Daubechies has been attacking the problem using a branch of computer science called computational geometry, building algorithms that make it possible to tackle large datasets more quickly and objectively.
She soon realized the same machine learning approach would be useful for other problems. In one project, Daubechies and her then graduate student Hau-tieng Wu proposed a new method to look for patterns in electrocardiograms. The results give doctors a second opinion to help them decide when ICU patients are ready to get off ventilators and breathe on their own.
Next, she hopes to turn computers loose on bird song recordings, using similar techniques to help biologists identify subtle differences between individual birds or species.
Daubechies has a long history of defying disciplinary boundaries. Born in a small coal mining town in Belgium, she got her start in research doing physics, not math.
It was after earning a bachelor’s degree in theoretical physics and then a Ph.D. in quantum mechanics, both from the Free University of Brussels, that she got involved in applications of math beyond physics. She was particularly interested in using a mathematical technique called the Fourier transformation, which breaks down complicated signals that vary in time or space, such as sound waves or images, into simpler building blocks.
After earning her doctorate in 1980, she became one of the world’s leading authorities on wavelet theory, a refinement of the Fourier technique frequently used to shrink digital photos and movies so that they take up fewer kilobytes without noticeably losing detail.

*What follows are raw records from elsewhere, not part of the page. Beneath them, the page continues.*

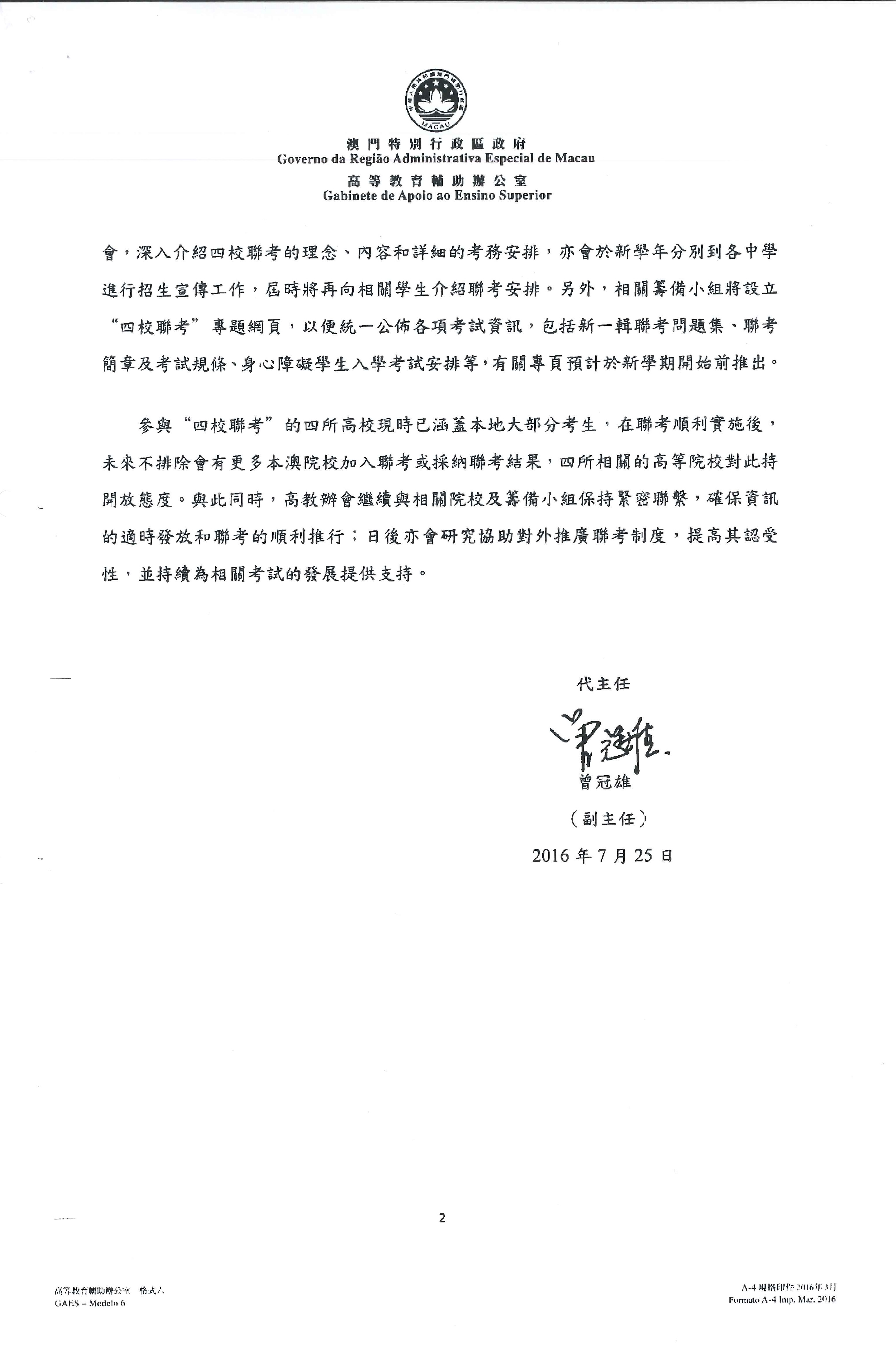 2016.7.25書面質詢回覆—關注四校聯考制度的進展 wmss | 2016 年 07 月 25 日 | 書面質詢回覆, 第五屆立法會黃潔貞, 議政論政 | 尚無留言 Tags:兒青教育, 婦聯, 書面質詢回覆, 立法會, 黃潔貞 Related Posts 2016.5.20書面質詢回覆—促儘早實現器官捐贈 尚無留言 | 5 月 20, 2016 2015.01.23 黃潔貞促立法消除歧視增家庭和諧 尚無留言 | 1 月 23, 2015 2017.06.04 重新認識黃潔貞(一):從護士成為議員 尚無留言 | 6 月 4, 2017 2016.6.30 黃潔貞:促政府盡快落實多項步行系統計劃 尚無留言 | 6 月 30, 2016 About The Author 黃潔貞
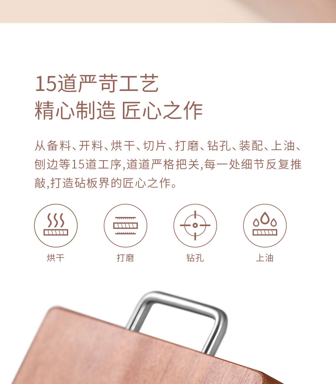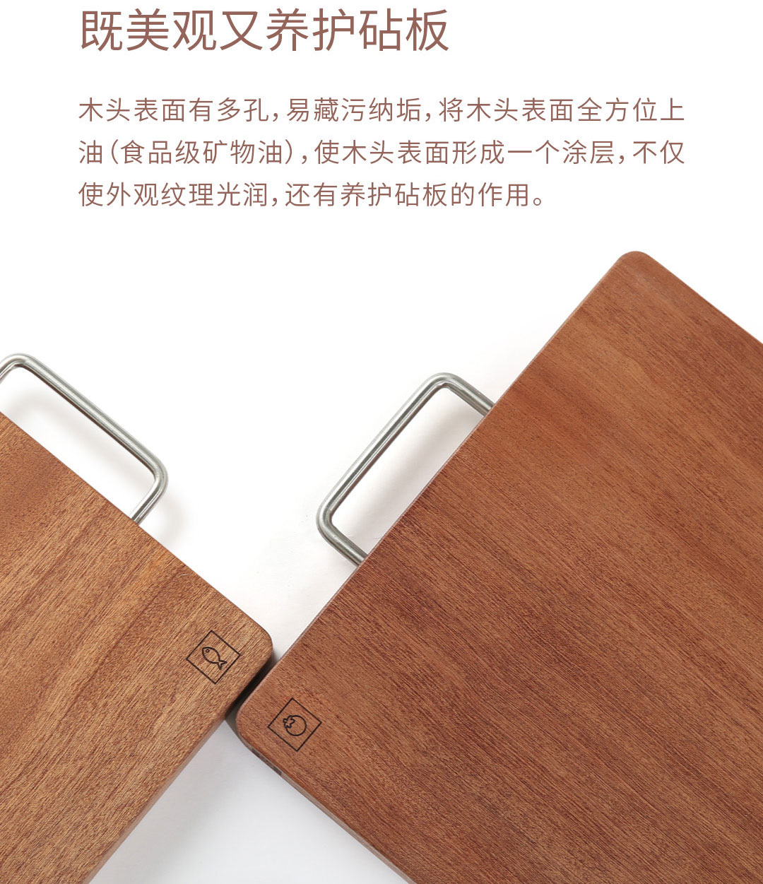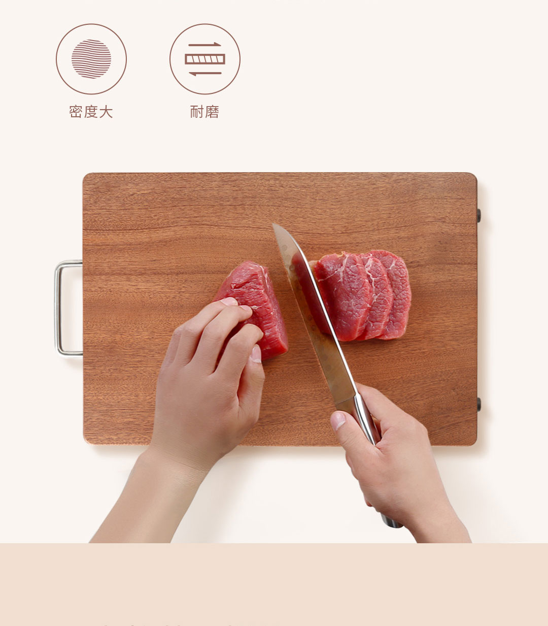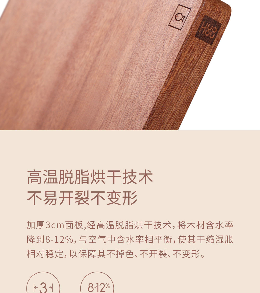 砧板加厚3cm,经过高温脱脂烘干技术,将木材的含水率降到8%-12%,使空气中的含水率相平衡,久用不掉色、不开裂、不变形,表面上了一层食品级矿物油,能有效养护砧板。
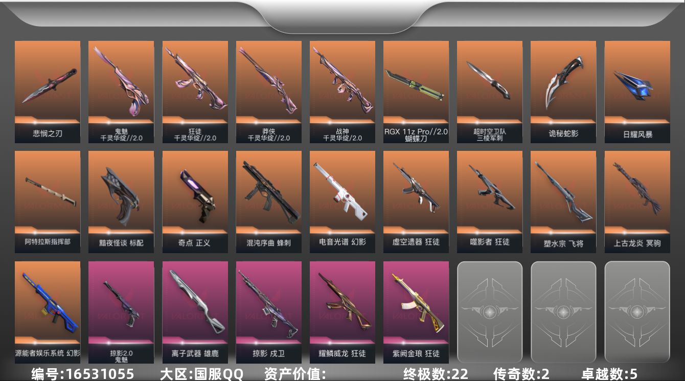 [16531055]【套装】:无畏契约季前邀请赛套装,千灵华绽//2.0套装 【英雄】:幻棱,炼狱,维斯,暮蝶,钛狐,壹决,铁臂,捷风,雷兹,幽影,不死鸟,贤者,猎枭,蝰蛇,零,芮娜,奇乐,尚勃勒,霓虹,斯凯,夜露,K/O,海神,盖可,黑梦,钢锁 【近战武器】:近战武器-无畏契约季前邀请赛 悲悯之刃,近战武器-流风回雪,近战武器-超时空卫队 三棱军刺,近战武器-RGX 11z Pro//2.0 蝴蝶刀,近战武器-紫金爪刀,近战武器-威龙之刃,近战武器-未来开拓者,近战武器-诡秘蛇影 军刀,近战武器-日耀风暴 遗器,近战武器-阿特拉斯指挥部 甩棍 【狂徒】:狂徒-虚空遗器,狂徒-噬影者,狂徒-千灵华绽//2.0,狂徒-耀鳞威龙,狂徒-紫阙金琅,狂徒-诡秘蛇影 【幻影】:幻影-源能者娱乐系统,幻影-电音光谱,幻影-末日之翼,幻影-电音光谱 【戍卫】:戍卫-掠影,戍卫-折光棱晶 【冥驹】:冥驹-上古龙炎 【飞将】:飞将-塑水宗,飞将-末日之翼 【莽侠】:莽侠-千灵华绽//2.0,莽侠-诡秘蛇影 【战神】:战神-千灵华绽//2.0 【奥丁】:奥丁-末日之翼 【判官】:判官-诡秘蛇影 【雄鹿】:雄鹿-离子武器 【蜂刺】:蜂刺-混沌序曲,蜂刺-折光棱晶 【标配】:标配-黯夜怪谈,标配-折光棱晶 【正义】:正义-奇点 【鬼魅】:鬼魅-千灵华绽//2.0,鬼魅-掠影//2.0,鬼魅-诡秘蛇影 【短炮】:短炮-末日之翼 【卡面】:梦幻奶茶 卡面,无畏契约GO!第一卷:芮娜 卡面,无畏契约GO!第一卷:零 卡面,比比看谁快? 卡面,势不可挡//盖可 卡面,别冒尖 卡面,代号红色 卡面,新兵报到 卡面,V契约 卡面,无畏契约 卡面 【喷漆】:超级粉丝 喷漆,捷风差距 喷漆,我的刀呢? 喷漆,不予置评 喷漆,买装还是存钱 喷漆,关门放狗 喷漆,红鳞 喷漆,胜利属于无畏契约 喷漆,GLHF 喷漆,无畏契约 喷漆 【挂饰】:V25第六幕:超凡 挂饰,袖珍捷风 挂饰,第九季//第一幕 纪念币 挂饰,天外飞客 挂饰,《双城之战》魄罗 挂饰,无畏契约 纪念币 挂饰
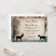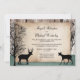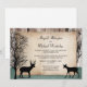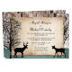 Convites apenas para recepção de casamento rústico florestal com cervos, exclusivamente projetados pela Artistically Invited, com silhuetas de um cervo macho com chifres, uma cerva e árvores de inverno sobre um fundo de madeira e um desenho verde caçador desbotado na parte inferior. Os detalhes da sua união e recepção são impressos personalizados sobre uma ilustração de papel rústico rasgado. Estes convites apenas para recepção de cervos são perfeitos para as celebrações da recepção pós-casamento com tema florestal ou de cervos.
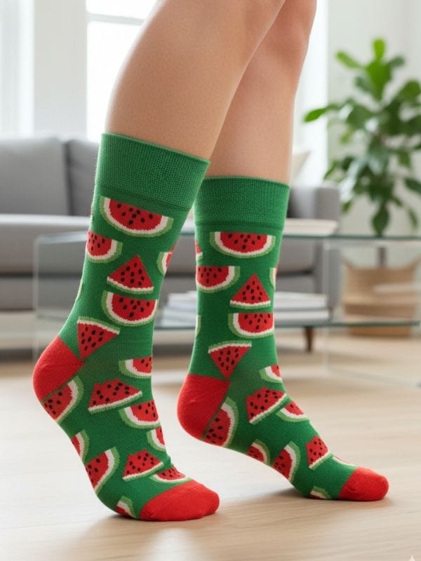 Yüksek kaliteli iplikler ve özenli işçilikle üretilen bu soket çorap, hem deseninin canlılığını hem de yapısındaki üstün konforu uzun süre korur. Çorabın kullanım ömrünü uzatan ve aşınmaya karşı koruyan özellikler; en çok aşınan bölgelerdeki Topuk Burun Takviyesi ve parmaklarda tahrişi engelleyen Dikişsiz Burun teknolojisidir. Ayak bileğini rahatsız etmeden yerinde tutan Sıkmayan Lastik kısmı, kan dolaşımını engellemeden mükemmel bir uyum sunar. Bu temalı çorapları, kot şortlarınızla, koyu renkli pantolonlarınızla veya beyaz spor ayakkabılarınızla kombinleyerek turuncu avokado deseninizin dinamik ve esprili enerjisini ön plana çıkarabilir, tarzınıza özgün bir dokunuş katabilirsiniz.
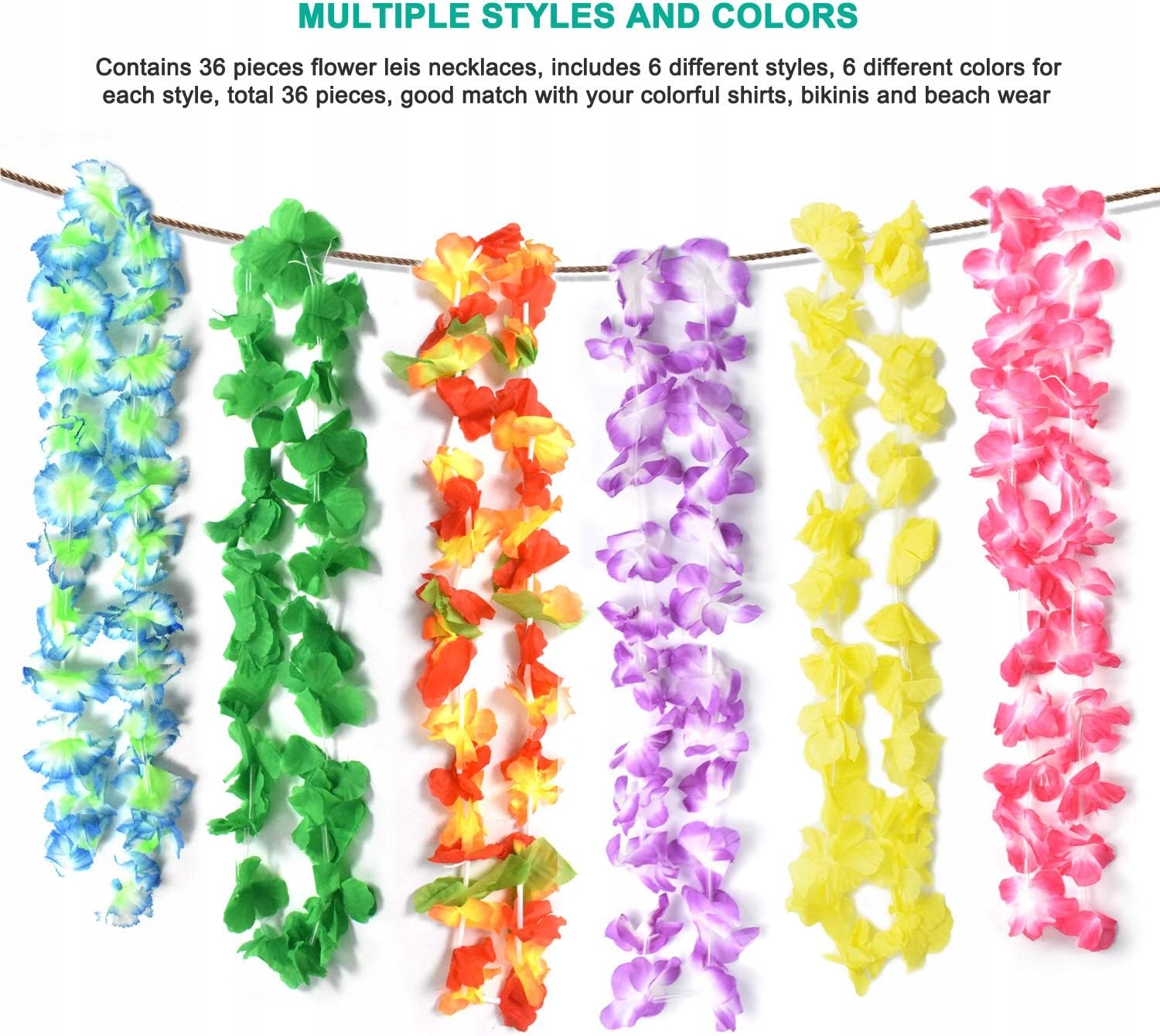 - 36 гавайських квіткових ланцюжків - включає 36 гавайських квіткових ланцюжків у 6 різних стилях, 6 різних кольорів для кожного стилю, всього 36 штук ; Ці барвисті гавайські квіти добре підійдуть для вашої острівної теми. Висока якість, довговічність і безпека
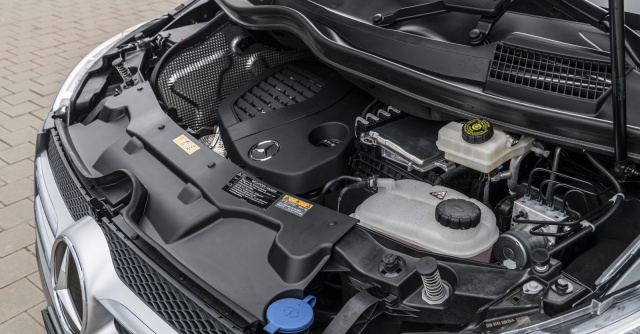 Dafür ist man kraftvoller als je zuvor unterwegs, denn der neue Motor bewegt den Transporter, der sich bestens als Familien- oder Shuttlefahrzeug einsetzen lässt, deutlich munterer und kraftvoller als bisher. „Mit der Modellpflege bekommt die V-Klasse den Vierzylinder-Diesel OM 654 von Mercedes. Dieser ist besonders effizient und sauber“, so Dr. Ulf Zillig, Leiter Entwicklung Mercedes Vans, „in der Leistungsstufe V 250 d liegt die Kraftstoffeinsparung beispielsweise bei über zehn Prozent im Vergleich zum Vorgänger. Gleichzeit ist die neue V-Klasse mit ihrer neuen Top-Motorisierung, dem V 300 d, noch dynamischer unterwegs. Das ist Benchmark im Segment.“ 2020 wird die V-Klasse auch als 204 PS starke Elektroversion auf den Markt kommt; dann allerdings mit Frontantrieb und ohne Allradoption. Die lange Zeit geplante Plug-In-Variante wurde gestrichen. Wer elektrisch fahren will, soll auf einen reinen Elektromotor setzen.

Digital images are composed of millions of tiny colored dots, or pixels, arranged on a grid. Each pixel is a single color or grey value represented by numbers. This is where math comes in. Compression with Daubechies’ wavelets computes averages and differences for the numbers in each row and column to construct a new grid that is more compact.
In the mid-1990s, her work on wavelets was adopted by the FBI to squeeze down their hundreds of millions of fingerprints to make them easier to transmit and store.
Any time you go to a movie theater, or watch live sports on ESPN, each frame has been compressed using Daubechies’ wavelet-based method -- the latter use she discovered while watching a soccer game on TV with her husband. “It was the artifacts in the grass,” she said.
Daubechies has also used wavelets to help geologists analyze the wiggly lines on seismograms from huge earthquakes and reconstruct what lies below the Earth’s crust, and to help neuroscientists read MRI images of brain activity.
In 2007, researchers affiliated with the Van Gogh and Kröller-Müller Museums in The Netherlands challenged Daubechies and other scholars to use their image processing techniques to analyze more than 100 high-resolution scans of paintings, mostly by Vincent van Gogh.
Using wavelets and machine learning to identify subtle differences in brush strokes, Daubechies and her team were able to distinguish copies or forgeries from true van Goghs.
Thus began an ongoing collaboration between mathematicians, computer scientists, museum curators and art historians. Their algorithms are now being used to compare artists’ styles, pinpoint when something was painted, even mathematically restore artwork that has cracked, faded, or been reduced to rubble by wartime bombing -- all without laying a finger on the actual art.
Daubechies held positions at Bell Laboratories, the University of Michigan, Rutgers University and Princeton University before joining the Duke faculty in 2011.
As a Simons Foundation Math+X Investigator, she will receive $300,000 per year, with the possibility of a five-year renewal, to expand her collaborative research between math and electrical engineering. The Simons Foundation considered nominations from across the United States and Canada for this award.